Figures 5-8 are the same, but with the green curve from WAsP-IBZ after simple slope reduction performed on
the terrain grid.


The study shows as expected the superior performance of the nonlinear flow model over the
linear model system. However, it also shows, that the RIX (Ruggedness Index) correction [3} can
correct the linear results to error levels comparable to those of CFD. The RIX correction is
found, however, to be rather sensitive to the height above ground often making its application
difficult in practice. Also, half of the sites in this study have only two mast locations, making a
site specific delta-RIX calibration impossible. The linear model setup with the addition of a
simple terrain slope limiting method (“land-filling”) was found to statistically give results at
levels comparable to the CFD for heights above approximately 30m, and without much
sensitivity to measuring/prediction height. This setup gives promise for a fast and accurate
resource estimation, to be used alongside CFD calculations, at site settings most relevant for
wind energy development in very complex high-relief terrain. Further work is needed to refine
the slope limiting method. For the latter method, while it is appearing to be very promising, it
must be kept in mind that the cases considered here are exclusively very well exposed ridges
and summits and that the nonlinear CFD model has a wider range of applicability and may
provide more relevant siting parameters than the simplified models. We must also keep in mind
that a (possibly not insignificant) part of the apparent prediction errors may be due to e.g.
speed measuring errors, direction alignment errors, inaccuracies in maps, heights and mast
locations etc. In addition some of the locations are forested and neither of the models include
at present specific automatic provisions for this (e.g displacement), this makes the model errors
especially at the lower levels larger and more uncertain.

Learning objectives
Real world error estimates of wind resource assessment on the microscale by extrapolation from observed data
in very complex high-relief terrain.
Relative skill of simple linearized models with models with more complete physics included.

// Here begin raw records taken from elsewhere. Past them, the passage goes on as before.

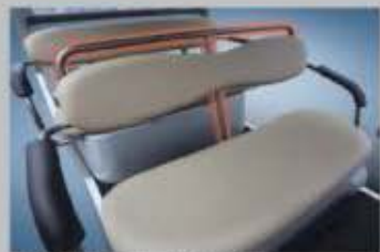
One frame support seat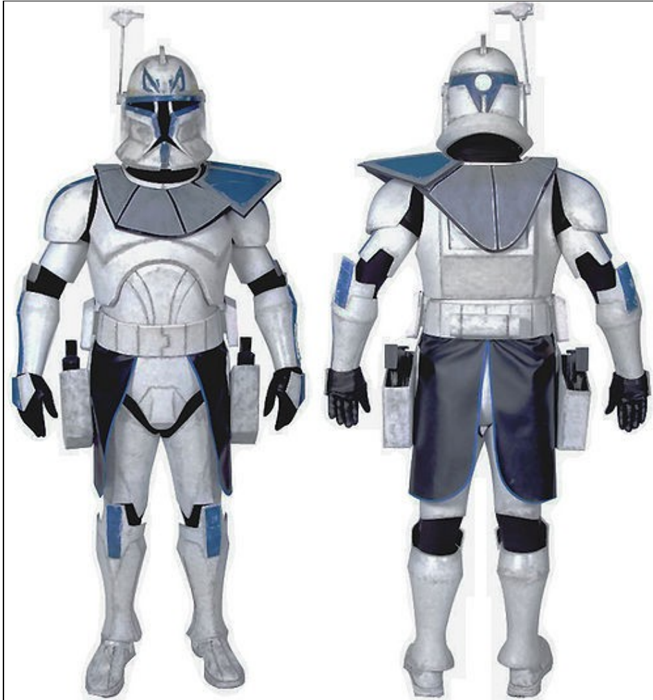
Model CC 3714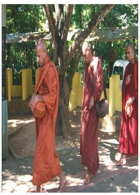
Conducting the Bikkhus for an alms giving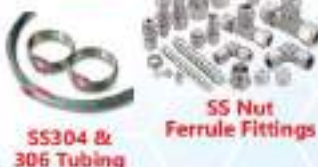
SS304 & 306 Tubing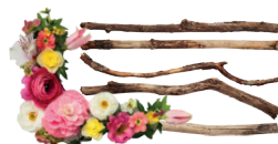
Small branches and flowers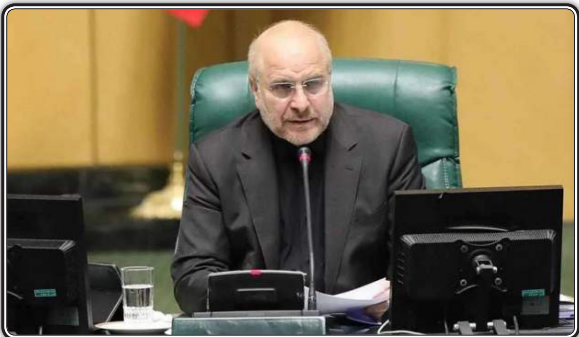
Parliament speaker Muhammad Bagher Ghalibaf addresses the chamber on Sunday.

TEHRAN – Effective negotiations between Iran and the West are out of question as long as the U.S. and Europeans make false allegations against Tehran, Parliament speaker Muhammad Bagher Ghalibaf said Sunday.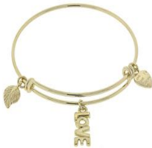
GOLD LAYERED 07.63.0131 INDIVIDUAL BANGLE, LOVE AND LEAF DESIGN, POLISHED FINISH, GOLD TONE (ONE SIZE FITS ALL)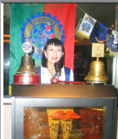
IPDG Gloria also addressed us.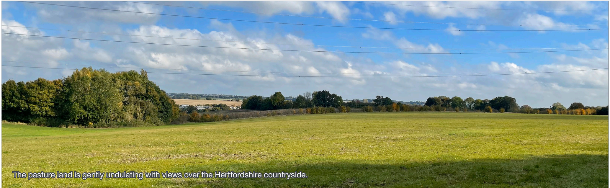
The pasture land is gently undulating with views over the Hertfordshire countryside.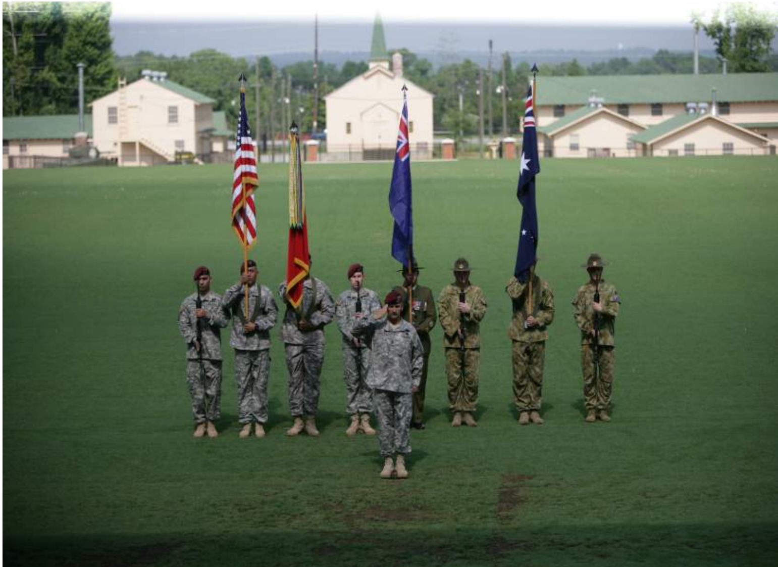
CSM Rolling Presented the Colors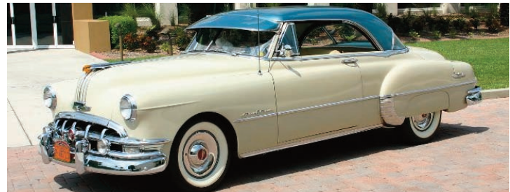
1950 Pontiac Super Deluxe Catalina

cars were always more luxurious with nicer exterior and interior designs.. A good example was the 1950 Pontiac Super Deluxe Catalina that featured hand buffed leather in the interior along with chrome strips in the headliner. The car also featured two-tone paint, a nice feature way back in 1950.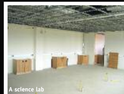
A science lab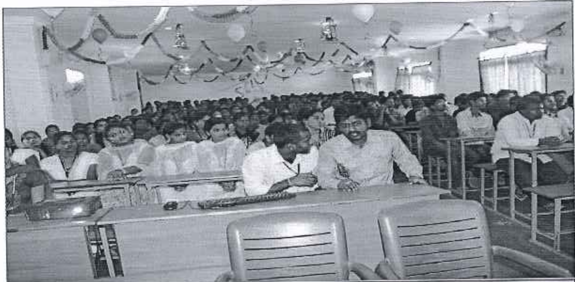
STUDENTS PARTICIPATION IN THE SEMINAR - RENEWABLE AND NON-RENEWABLE ENERGY RESOURCES

The total program was successfully completed with the cooperation of each and every faculty member of the department and student participants.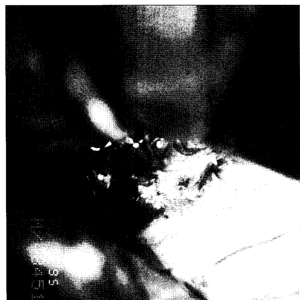
Fig. 6. Surgical color photo shows dome of aneurysm compressing medial portion of optic nerve with focal hematoma.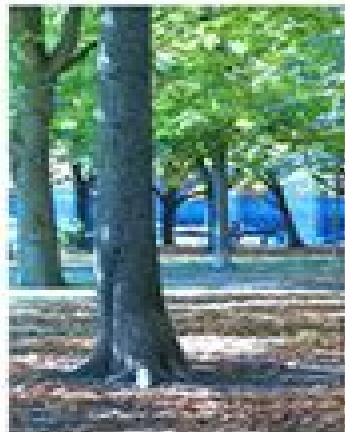
2900K TUNGSTEN LIGHT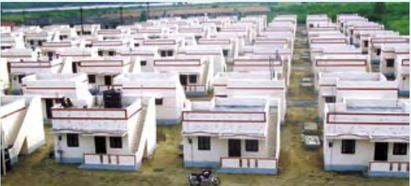
Mela Pattinacherry, Nagapattinam, Tamil Nadu

KERALA: Many of the houses that were constructed along the backwaters or on the islands were inaccessible to supply trucks. Ashram residents and volunteers from around the world helped carry the needed bricks, sand and gravel from supply stations. Houses were constructed in the districts of Kollam, Alappuzha and Ernakulam.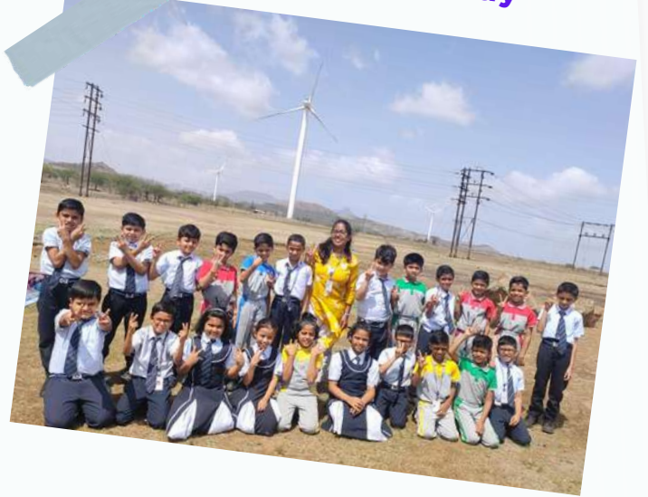
World Wind Day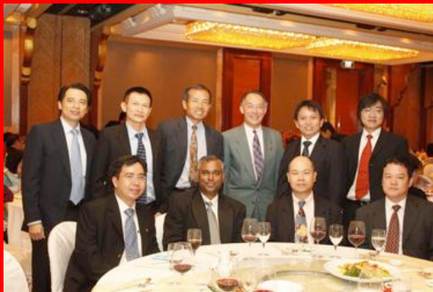
Supporters from Alumni International Singapore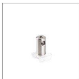
FASTENER K-10-PP C28235N00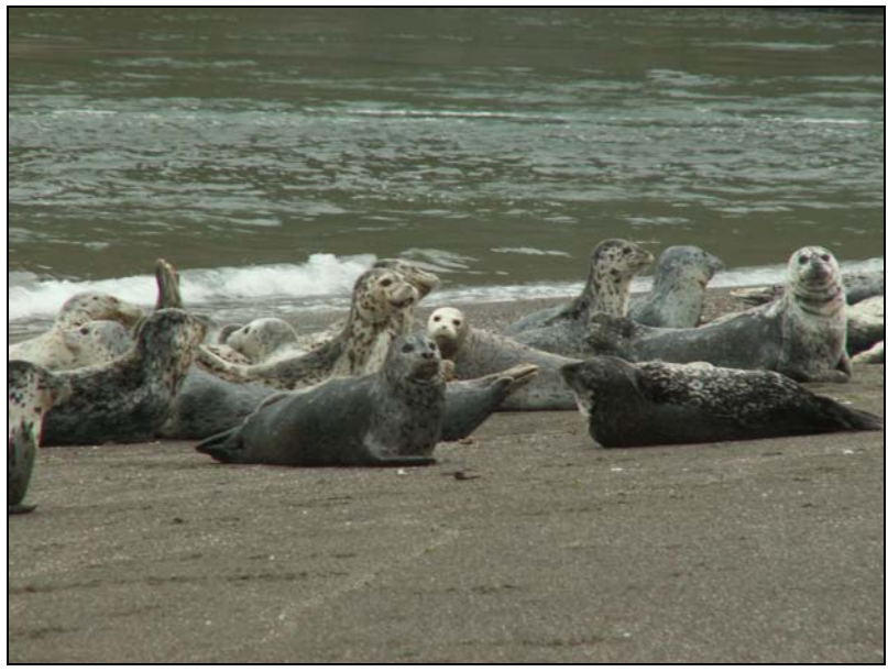
Harbor seals resting on mudflats.

the park implemented a seasonal closure to kayaks during the pupping season and because JOC was operating at a reduced level in the mid-1990s (Vanderhoof and Allen 2005). The pup count in 1986 was 255 compared with 464 in 2004, an 82% increase.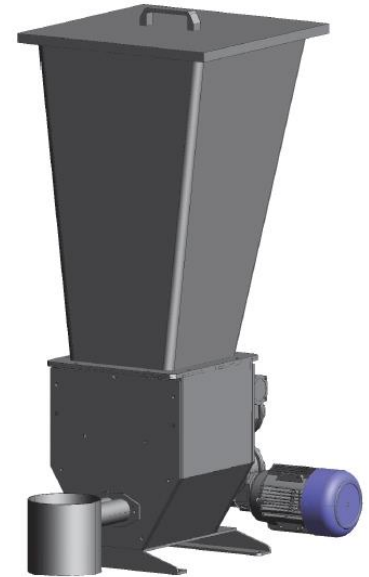
TWIN40 mit 70-Liter-Trichter und horizontalem Austragrohr

The SCHOLZ-CON-TRUST control system enables single- and multi-component operation.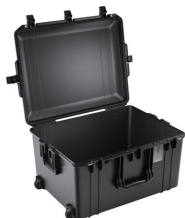
1637NF No Foam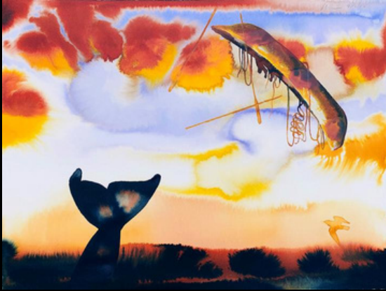
Alexis Rockman Perilous Work , 2020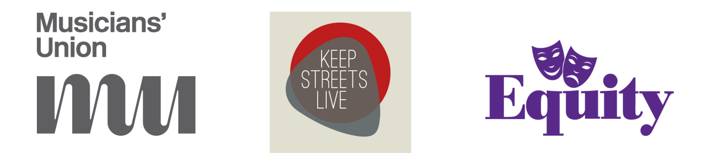
This is version 0.96 of the guide, produced in May 2016.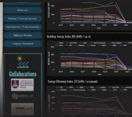
IOT in Energy Monitoring

[1] Bechmann, A., J: Johansen and N.N. Sørensen, 2007. “ The Bolund Experiment – Design
of Measurement Campaign using CFD” Risø-R-1623(EN). ISBN 978-87-550-3638-3. Risø National Laboratory, Roskilde. 19pp.
[2] Troen, I. and E.L.Petersen, 1989. “European Wind Atlas”, ISBN 87-550-1482-8, Risø National
Laboratory, Roskilde. 656 pp.
[3] A.J.Bowen, A.J. and N.G. Mortensen, 2004. “ WAsP prediction errors due to site orography”.
Risø-R-995(EN). Risø National Laboratory, Roskilde. 65 pp.